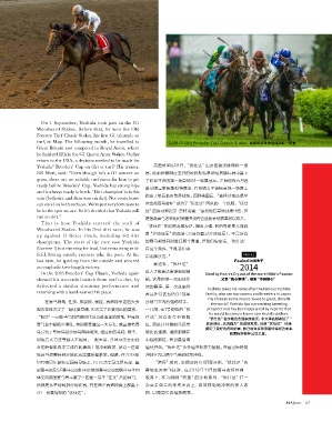 ready before Breeders’ Cup. Yoshida has strong hips 跑 出了第 五名的 英 勇战 绩。回 到 美 国 后,“选 择 沙 地 还 是 草
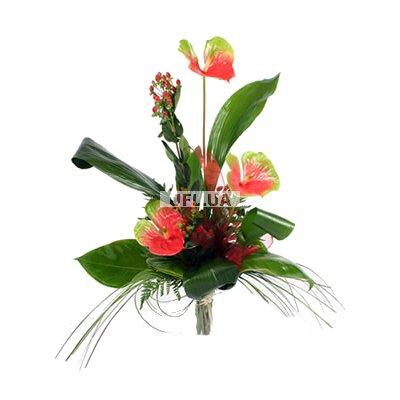 Классический подарок для мужчины несколько, необычно сложенных крупных цветков, на длинных стеблях. Это такие цветы как, антуриумы, амариллисы, или каллы.
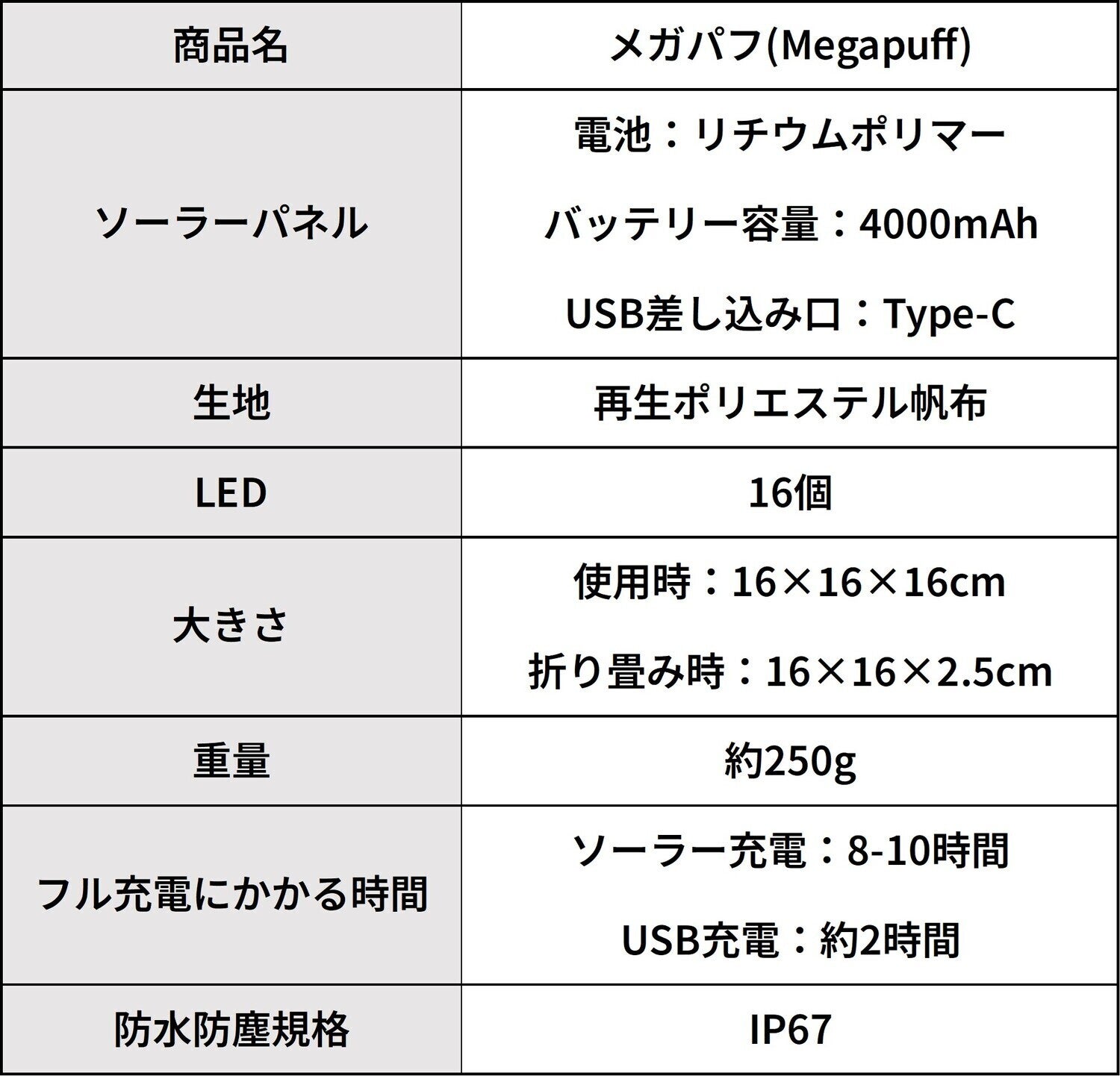 『メガパフ』が皆様の災害への備えやアウトドアのお供になれば幸せでございます。

• • • • • • •

### What you should do
Apart from the images, retype the full material exactly as written.

### Written solution
 ready before Breeders’ Cup. Yoshida has strong hips 跑 出了第 五名的 英 勇战 绩。回 到 美 国 后,“选 择 沙 地 还 是 草
 Классический подарок для мужчины несколько, необычно сложенных крупных цветков, на длинных стеблях. Это такие цветы как, антуриумы, амариллисы, или каллы.
 『メガパフ』が皆様の災害への備えやアウトドアのお供になれば幸せでございます。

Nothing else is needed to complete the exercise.